I am concerned with the information in personal injury cases, for example, of individuals who can be compelled under existing discovery procedures to disclose many things about themselves which they cannot get from the Government. They can be required, for example, to turn over copies of their own income tax returns.

Do you contemplate if this were available to the individual that he might be required to secure it and turn it over to other people?

Mr. ZWICK. Well, that, of course, is one of the risks that is attendant to Mr. Fensterwald's questions. He comes to the Center and asks, “Am I in there?” Before he asks that question, there is only some small probability that there is anything on Mr. Fensterwald in that center. As soon as he has asked it, and we search and conclude indeed there is something on him, already a piece of information is available; namely that in the Data Center there is a set of information on Mr. Fensterwald, and since it will be public, what information is in the Center, we will have given both the fact that he is there, plus what information is in the Center to a third person that might want to invade his privacy. So I do think there is a balance here which I have not thought through.

Mr. WATERS. In your consideration of the proposed Federal Data Center or National Data Center, you will give consideration to this type of thing, will you not?

Mr. ZWICK. Yes.

Mr. WATERS. Thank you, Mr. Chairman. That is all.

Senator Long. Thank you, Mr. Zwick. Your statement has been very helpful to us.

Thank you, Mr. Bowman, for being with us. I am sorry we did not ask Mr. Zwick hard enough questions to get some assistance in answering from you. But he did very well.

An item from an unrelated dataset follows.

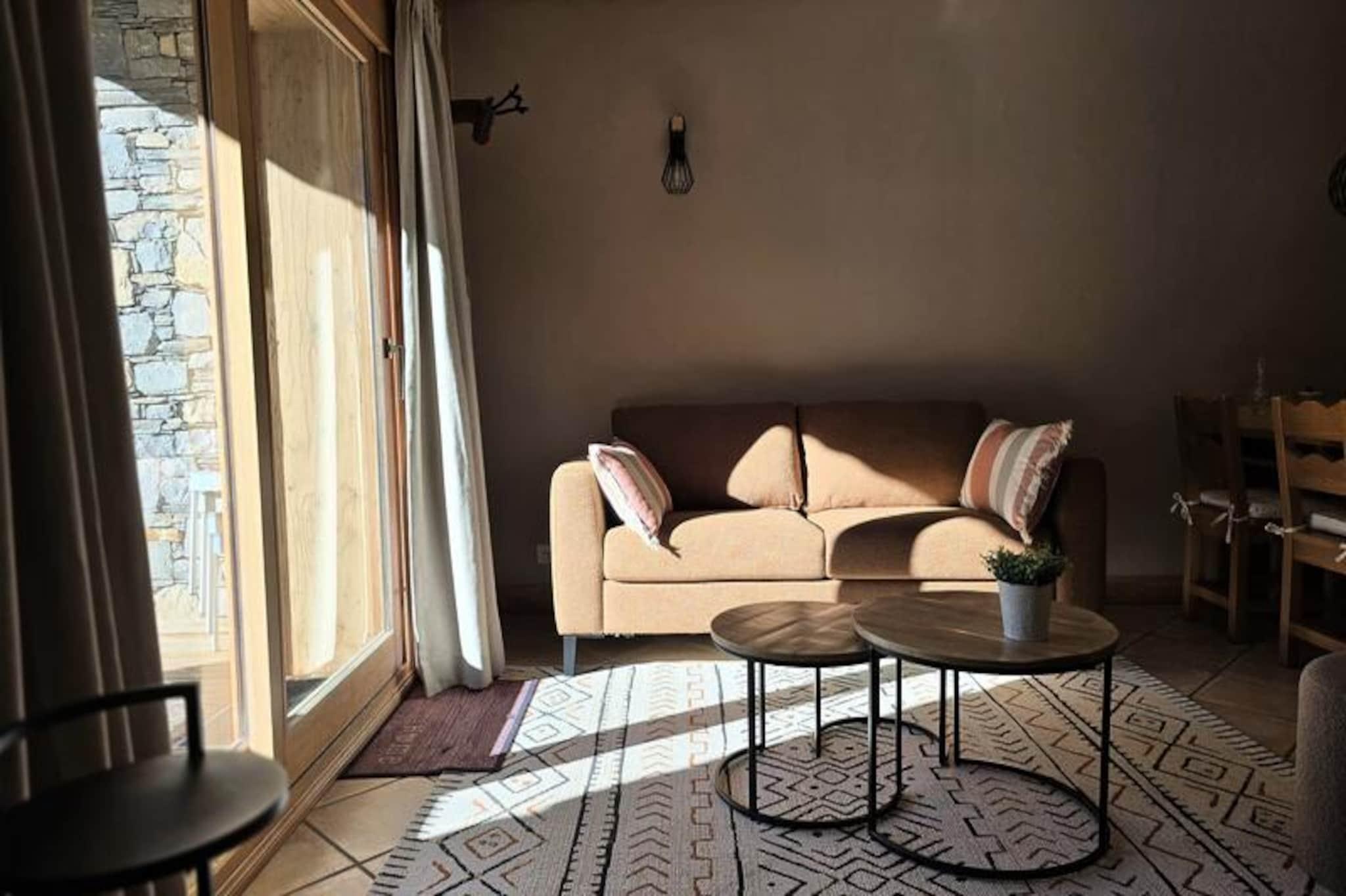 I udkanten af ??den charmerende landsby Champagny-en-Vanoise, omgivet af de majestætiske tinder i Vanoise-massivet, ligger den fredfyldte residens Les Alpages de Champagny. Denne rolige landsby med seks store hytter tilbyder en harmonisk blanding af alpin tradition og moderne komfort, hvilket skaber et idyllisk tilflugtssted for både naturelskere og bjergentusiaster. De sydvendte hytter, badet i sollys, tilbyder en betagende udsigt over Courchevel-skråningerne og lover en malerisk kulisse for din ferie. \n\nHver lejlighed er omhyggeligt designet til at sikre et behageligt ophold. Den rummelige lejlighed på 58 m² har plads til op til seks gæster og har to hyggelige soveværelser, herunder et med eget brusebad og adgang til terrasse. Det fuldt udstyrede køkken inviterer dig til at tilberede lækre måltider, mens stuen med en udtrækssovesofa og tv tilbyder et varmt sted at slappe af. En solrig terrasse, skiboks og privat overdækket parkering bidrager til bekvemmeligheden og sikrer en problemfri oplevelse fra ankomst til afrejse. Gæsterne kan også nyde godt af førsteklasses tjenester såsom Wi-Fi, sengetøj og håndklæder samt slutrengøring, hvilket gør dit ophold virkelig ubekymret. \n\nResidensen kan prale af exceptionelle faciliteter, herunder en opvarmet swimmingpool, fitnesscenter og spa med hammam og sauna, perfekt til afslapning efter en dag med eventyr. En gratis shuttle-service kører hvert ottende minut om vinteren og forbinder dig med hjertet af feriestedet, svævebanen og den berømte ESF-skiskole. Uanset om du udforsker de uberørte pister i Paradiski eller vandrer gennem de frodige stier i Vanoise Nationalpark, er beliggenheden ideel til alpine eventyr året rundt. \n\nVælg Les Alpages de Champagny for en uforglemmelig ferie, hvor komfort, bekvemmelighed og naturlig skønhed mødes. Lad bjergenes ro og landsbyens charme skabe varige minder for dig og dine kære.

Mr. Zwick. Thank you very much.

Senator Long. Our next witness was to have been Mr. D. Reid Ross, Vice President, Regional Industrial Development Corporation of St. Louis. But I am informed he will be unable to appear this morning due to the fact that he is presently recovering from an operation.

He has asked permission to submit his statement and some accompanying material and have it placed in the record at the appropriate time. Without objection that will be done.

(The documents referred to follow :)


St. Louis, Mo., March 9, 1967. Hon. EDWARD V. LONG United States Senate, 3107 New Senate Office Building, Washington, D.C.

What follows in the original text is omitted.